### [What you should do]
Set down each entry exactly; omit images.

------ Supplied entries

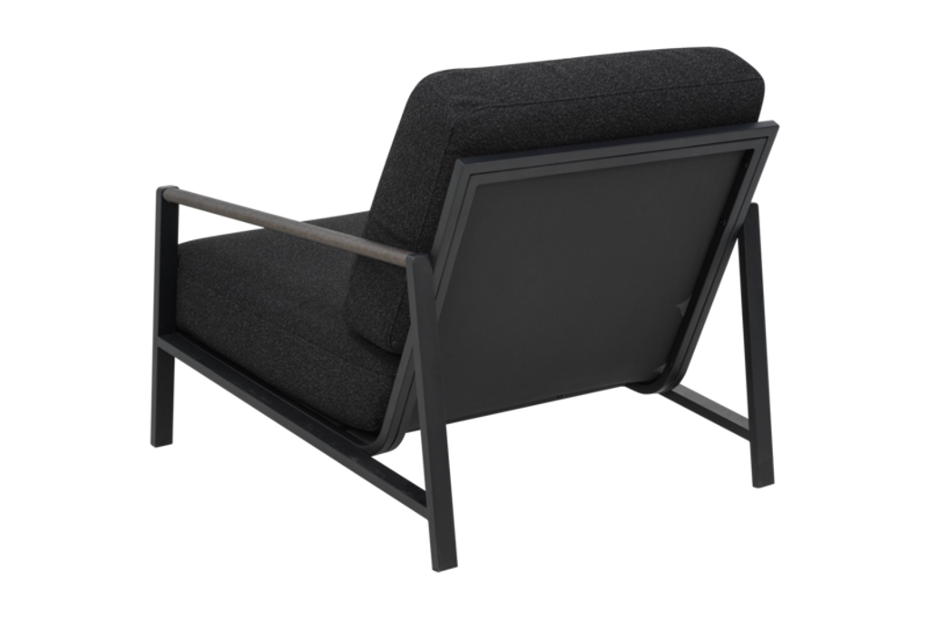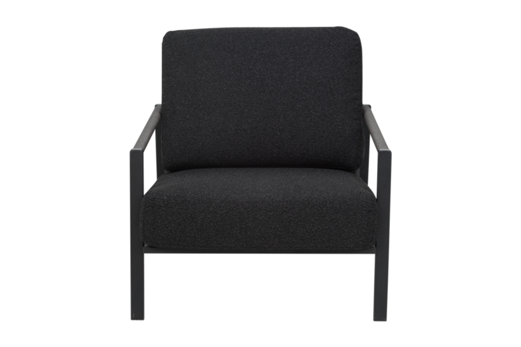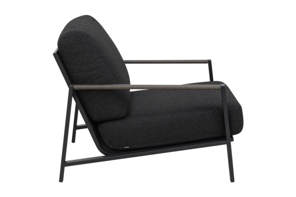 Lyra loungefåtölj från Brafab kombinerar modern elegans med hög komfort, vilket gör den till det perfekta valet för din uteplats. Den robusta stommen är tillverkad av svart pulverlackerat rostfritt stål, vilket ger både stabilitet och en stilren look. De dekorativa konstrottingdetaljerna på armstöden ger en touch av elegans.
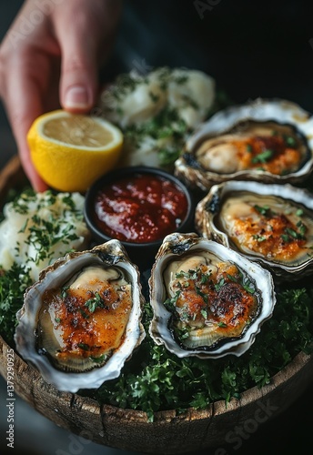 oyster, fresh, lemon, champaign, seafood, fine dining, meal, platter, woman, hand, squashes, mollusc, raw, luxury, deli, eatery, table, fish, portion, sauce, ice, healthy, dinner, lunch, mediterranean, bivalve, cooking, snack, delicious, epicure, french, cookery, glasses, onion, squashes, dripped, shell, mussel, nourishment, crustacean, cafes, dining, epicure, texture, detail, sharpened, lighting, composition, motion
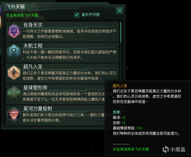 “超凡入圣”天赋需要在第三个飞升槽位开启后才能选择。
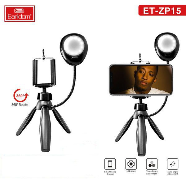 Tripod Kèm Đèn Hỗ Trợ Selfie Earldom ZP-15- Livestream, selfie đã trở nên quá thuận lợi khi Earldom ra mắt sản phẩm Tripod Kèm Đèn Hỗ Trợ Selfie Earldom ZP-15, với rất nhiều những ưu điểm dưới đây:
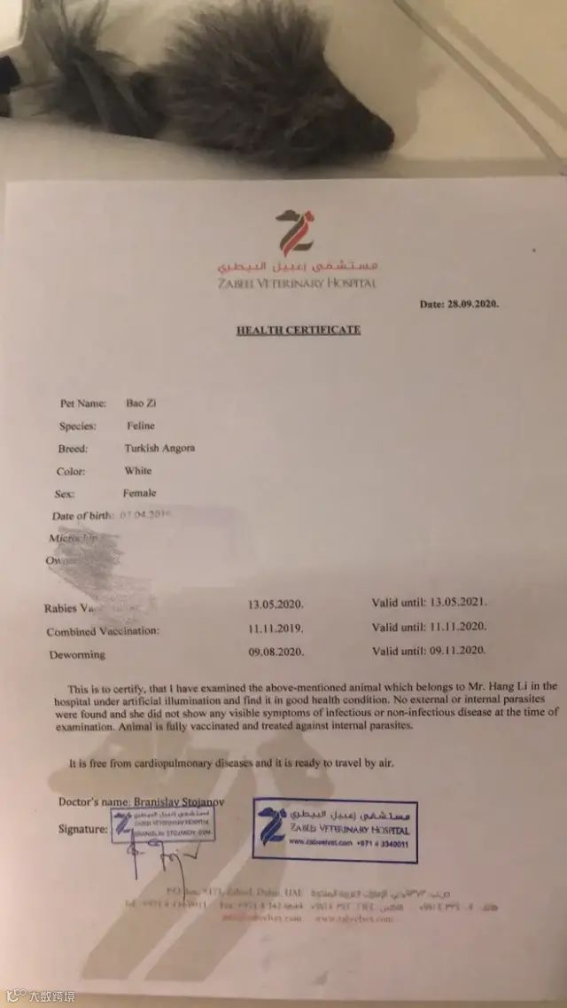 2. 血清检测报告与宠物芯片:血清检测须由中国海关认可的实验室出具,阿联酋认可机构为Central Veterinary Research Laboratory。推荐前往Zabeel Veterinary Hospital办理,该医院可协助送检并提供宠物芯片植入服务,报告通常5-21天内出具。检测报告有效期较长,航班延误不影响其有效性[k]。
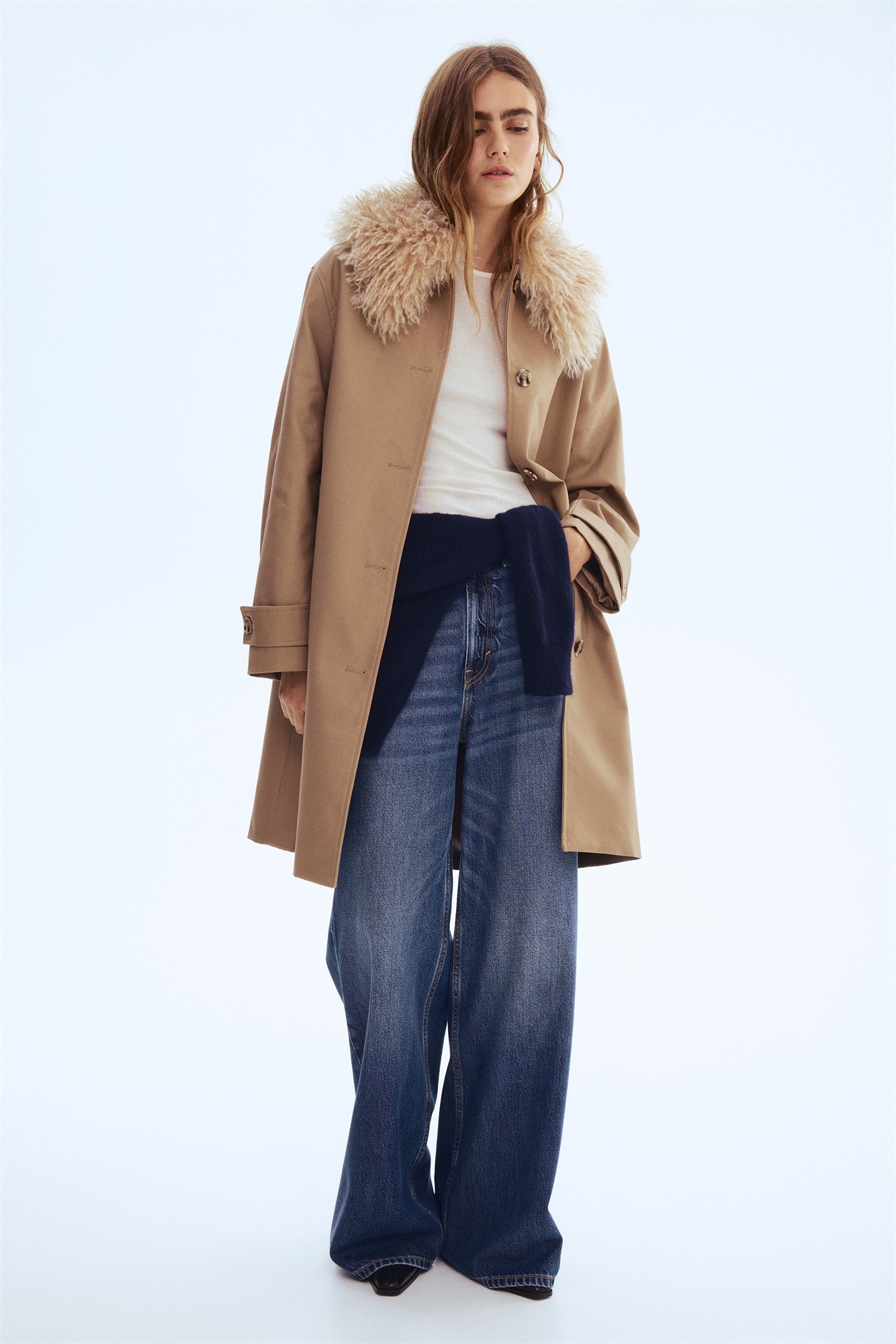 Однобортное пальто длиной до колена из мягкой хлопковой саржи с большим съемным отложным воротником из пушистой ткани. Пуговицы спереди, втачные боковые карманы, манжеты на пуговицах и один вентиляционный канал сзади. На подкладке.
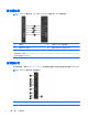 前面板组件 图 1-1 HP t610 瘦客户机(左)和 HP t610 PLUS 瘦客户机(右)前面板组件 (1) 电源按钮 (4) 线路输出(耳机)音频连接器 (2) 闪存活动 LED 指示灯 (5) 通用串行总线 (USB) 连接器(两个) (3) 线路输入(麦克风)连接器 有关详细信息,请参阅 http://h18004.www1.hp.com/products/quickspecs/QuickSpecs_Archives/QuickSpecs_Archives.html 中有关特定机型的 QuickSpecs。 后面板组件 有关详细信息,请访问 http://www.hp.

------------

### [Answer to the exercise]
 Lyra loungefåtölj från Brafab kombinerar modern elegans med hög komfort, vilket gör den till det perfekta valet för din uteplats. Den robusta stommen är tillverkad av svart pulverlackerat rostfritt stål, vilket ger både stabilitet och en stilren look. De dekorativa konstrottingdetaljerna på armstöden ger en touch av elegans.
 oyster, fresh, lemon, champaign, seafood, fine dining, meal, platter, woman, hand, squashes, mollusc, raw, luxury, deli, eatery, table, fish, portion, sauce, ice, healthy, dinner, lunch, mediterranean, bivalve, cooking, snack, delicious, epicure, french, cookery, glasses, onion, squashes, dripped, shell, mussel, nourishment, crustacean, cafes, dining, epicure, texture, detail, sharpened, lighting, composition, motion
 “超凡入圣”天赋需要在第三个飞升槽位开启后才能选择。
 Tripod Kèm Đèn Hỗ Trợ Selfie Earldom ZP-15- Livestream, selfie đã trở nên quá thuận lợi khi Earldom ra mắt sản phẩm Tripod Kèm Đèn Hỗ Trợ Selfie Earldom ZP-15, với rất nhiều những ưu điểm dưới đây:
 2. 血清检测报告与宠物芯片:血清检测须由中国海关认可的实验室出具,阿联酋认可机构为Central Veterinary Research Laboratory。推荐前往Zabeel Veterinary Hospital办理,该医院可协助送检并提供宠物芯片植入服务,报告通常5-21天内出具。检测报告有效期较长,航班延误不影响其有效性[k]。
 Однобортное пальто длиной до колена из мягкой хлопковой саржи с большим съемным отложным воротником из пушистой ткани. Пуговицы спереди, втачные боковые карманы, манжеты на пуговицах и один вентиляционный канал сзади. На подкладке.
 前面板组件 图 1-1 HP t610 瘦客户机(左)和 HP t610 PLUS 瘦客户机(右)前面板组件 (1) 电源按钮 (4) 线路输出(耳机)音频连接器 (2) 闪存活动 LED 指示灯 (5) 通用串行总线 (USB) 连接器(两个) (3) 线路输入(麦克风)连接器 有关详细信息,请参阅 http://h18004.www1.hp.com/products/quickspecs/QuickSpecs_Archives/QuickSpecs_Archives.html 中有关特定机型的 QuickSpecs。 后面板组件 有关详细信息,请访问 http://www.hp.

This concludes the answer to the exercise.